JPM upgrades Freeport-McMoRan on upside from tariff and supply tightness

Published 20-03-2025, 11:44 pm

Investing.com -- JP Morgan upgraded Freeport-McMoRan (NYSE:FCX) to Overweight from Neutral, citing upside potential from possible US copper tariffs and long-term supply challenges. The firm raised its price target to $52, implying a ~30% upside.

Tariff risk is likely to maintain premium pricing for the company’s US-based footprint for the foreseeable future, JPMorgan (NYSE:JPM) said, adding that supply deficits expected through the next decade would further support favorable pricing.

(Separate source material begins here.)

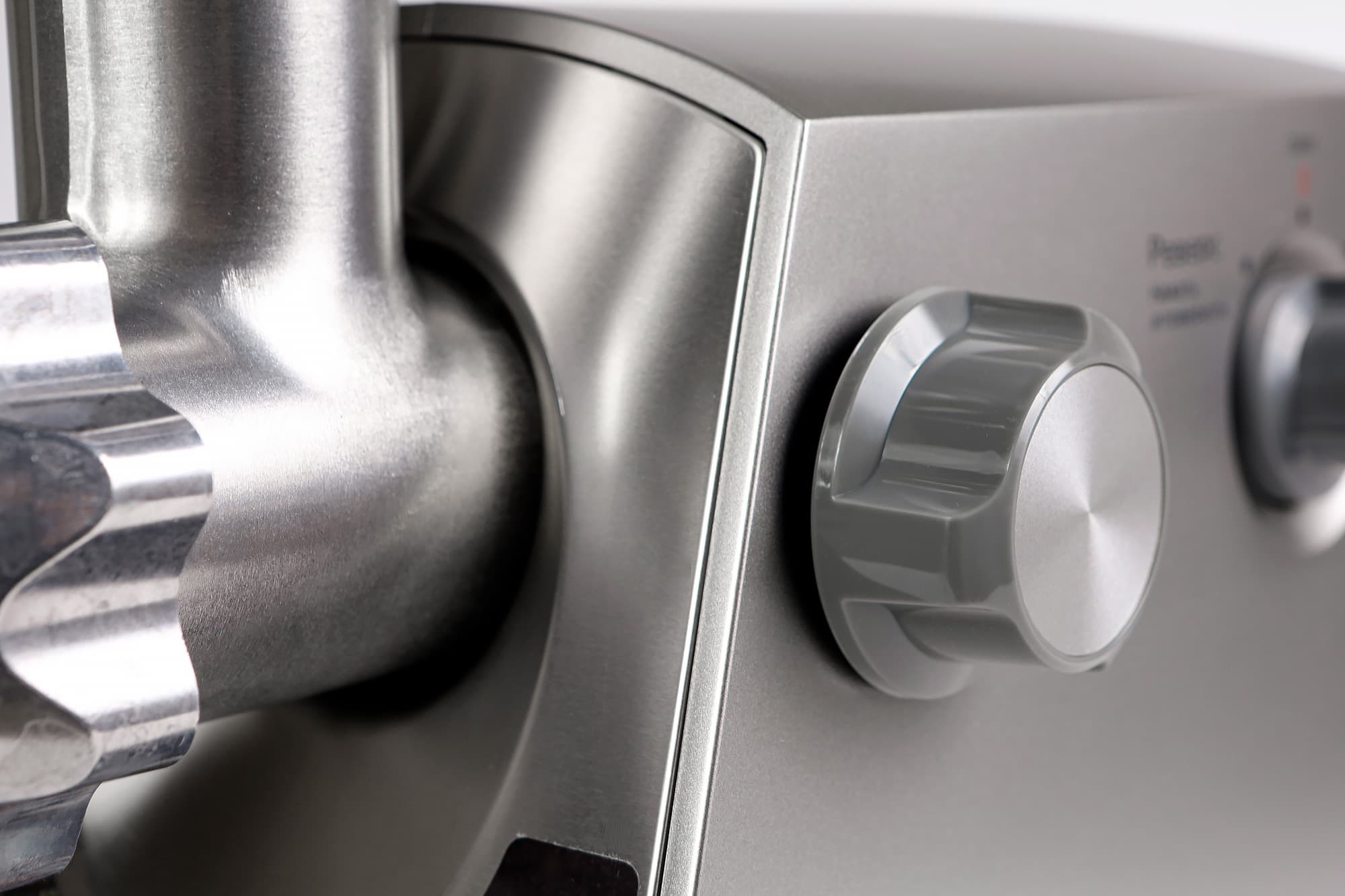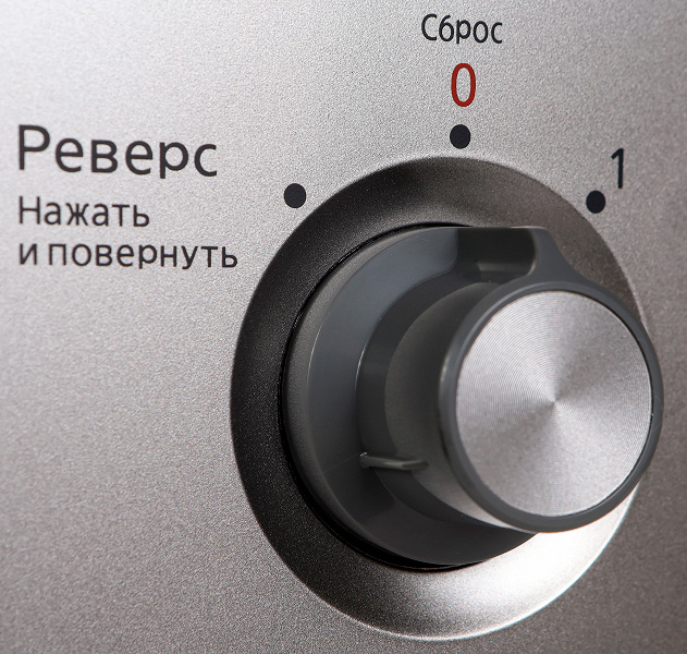 При вращении переключателя корпус стоит на месте, не пытаясь соскользнуть или сдвинуться. Переключатель не скользит даже во влажных или, что часто бывает при помоле мяса, грязных пальцах. Никаких особых требований к процессу управления не предъявляется. Обратное вращение шнека следует запускать после полной остановки мотора. Реверс работает только при удерживании переключателя в одноименном положении.

JP Morgan highlighted that a 10% premium to London Metal Exchange (LME) copper prices for US-based assets could generate $400-$450 million in incremental EBITDA annually for Freeport.

CEO Kathleen Quirk had said earlier this month that tariffs could add “~$400 million per year in incremental profits.”

If copper is declared a ‘critical mineral,’ the firm estimates Freeport could gain an additional $500 million annually from potential Inflation Reduction Act (IRA) tax credits.

In a more bullish scenario, a 25% tariff premium, similar to current Section 232 tariffs on steel and aluminum, could boost profits by around $1 billion.

JPMorgan expects copper supply growth to slow to 1% in 2025, down from 3% last year, while demand is projected to decelerate to 2.9%, with upside risk from potential Chinese stimulus.

Additionally, the firm highlighted that panic buying of US imports amid tariff concerns could weigh on the rest of the world’s inventories and drive LME pricing higher in the near term.

“FCX is advantageously positioned relative to pure-play peers to capture incremental upside,” JPMorgan noted, emphasizing that Freeport’s US-based operations and lack of royalties create a favorable margin profile.

JPMorgan views Freeport as a defensive play relative to growth-focused peers like Overweight-rated Teck Resources (NYSE:TECK).

The firm noted that Freeport has cleaned up its balance sheet and could reduce capex if needed. The company is expected to generate significant free cash flow (FCF) in 2025 and 2026, with JPM forecasting FCF yields of 4.5% and 7.5%, respectively.

JPMorgan concluded that despite recession concerns, Freeport’s exposure to potential US tariff protection and long-term supply deficits positions the company for significant upside.